For the temperature, the critical value \(T=T_\text {cr}= 160\,{\mathrm{MeV}}\) of the cross-over transition between hadronic matter and quark-gluon plasma is adopted. Experimental values are deduced for the transverse mass from measured transverse-momentum distributions.
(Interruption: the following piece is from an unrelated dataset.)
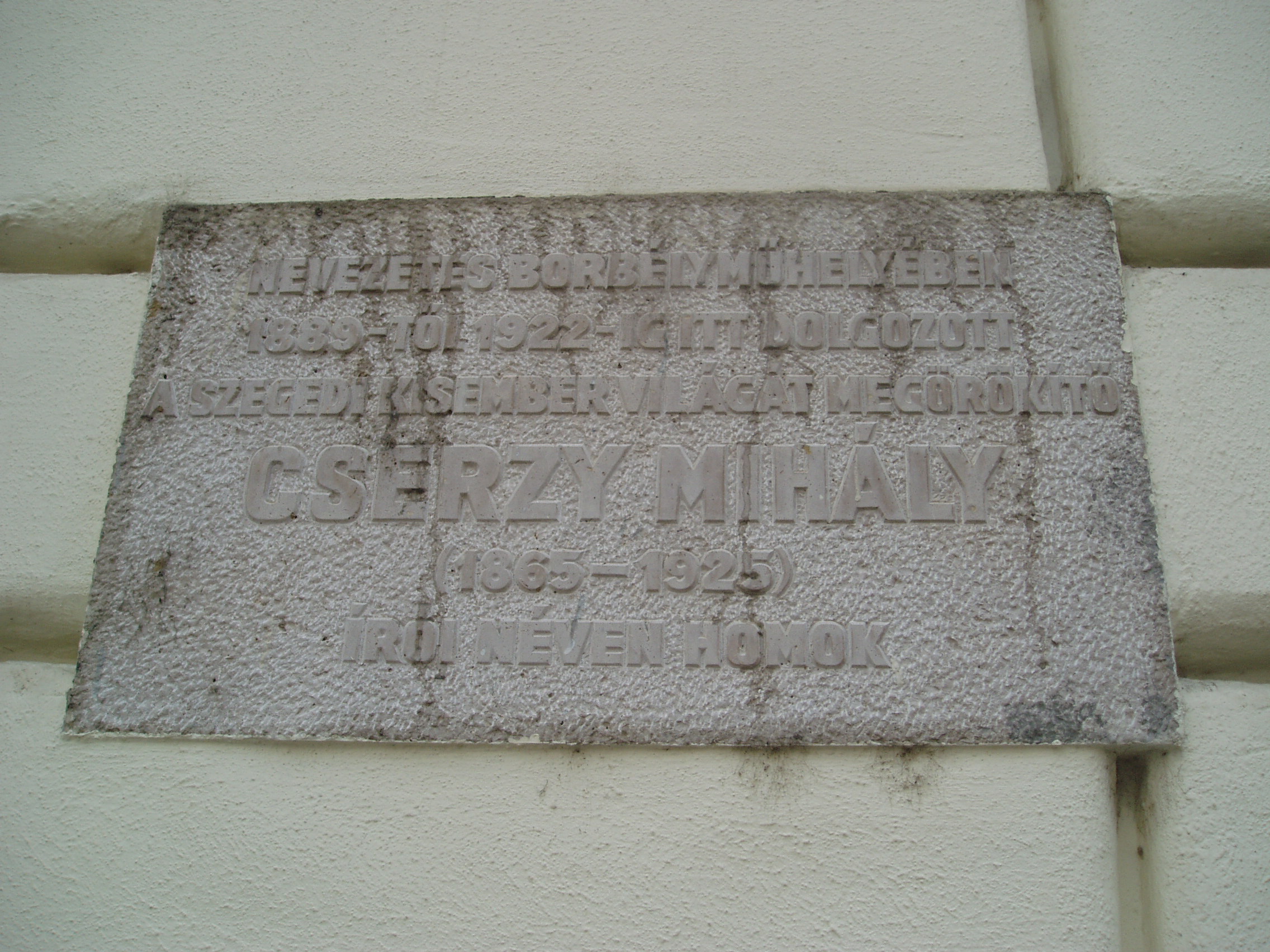 Nyilvános 1075 | 1511 | Szeged, Klauzál tér 1. Az új Zsótér-ház | A városi palota Kelemen László utcai oldalán volt Cserzy Mihály, a Homok álnéven publikáló országosan ismert író borbélyműhelye. Nemcsak a szegedi tanyák népének volt érzelmes hangú krónikása, hanem a városi szegénység életének is rokonszenvező, humanista ábrázolója. 1966 óta emléktábla hirdeti, hogy az írónak, aki hajlott koráig kitartott apjának mestersége, a fodrászat mellett, 1889-től 1922-ig itt volt a műhelye. A fénykép 2007 júliusában készült. Felh. irod.: Péter László: Szeged. Bp. Panoráma, 1981 |

We solve Eq. (10) numerically for each centrality class and transform the results to rapidity distributions as discussed in Ref. [6] according to

$$\begin{aligned} {\frac{dN_k}{dy}(y,\tau ) = C_b \int m^2_\text {T} R_k(y,\tau )\, d m_\text {T} \,.}{} \end{aligned}$$
(11)

The constant \({C_{b}}\) is adjusted to the total number of produced charged hadrons in a given centrality bin b.

At LHC energies, the fireball source yields the largest contribution to charged-hadron production. Particles that are produced from the fragmentation sources are not distinguishable from those originating from the fireball, but must be included in a phenomenological model. In particular, when regarding the limiting-fragmentation conjecture, the role of the fragmentation distributions is decisive since they determine the behavior of the distribution functions at large values of rapidity.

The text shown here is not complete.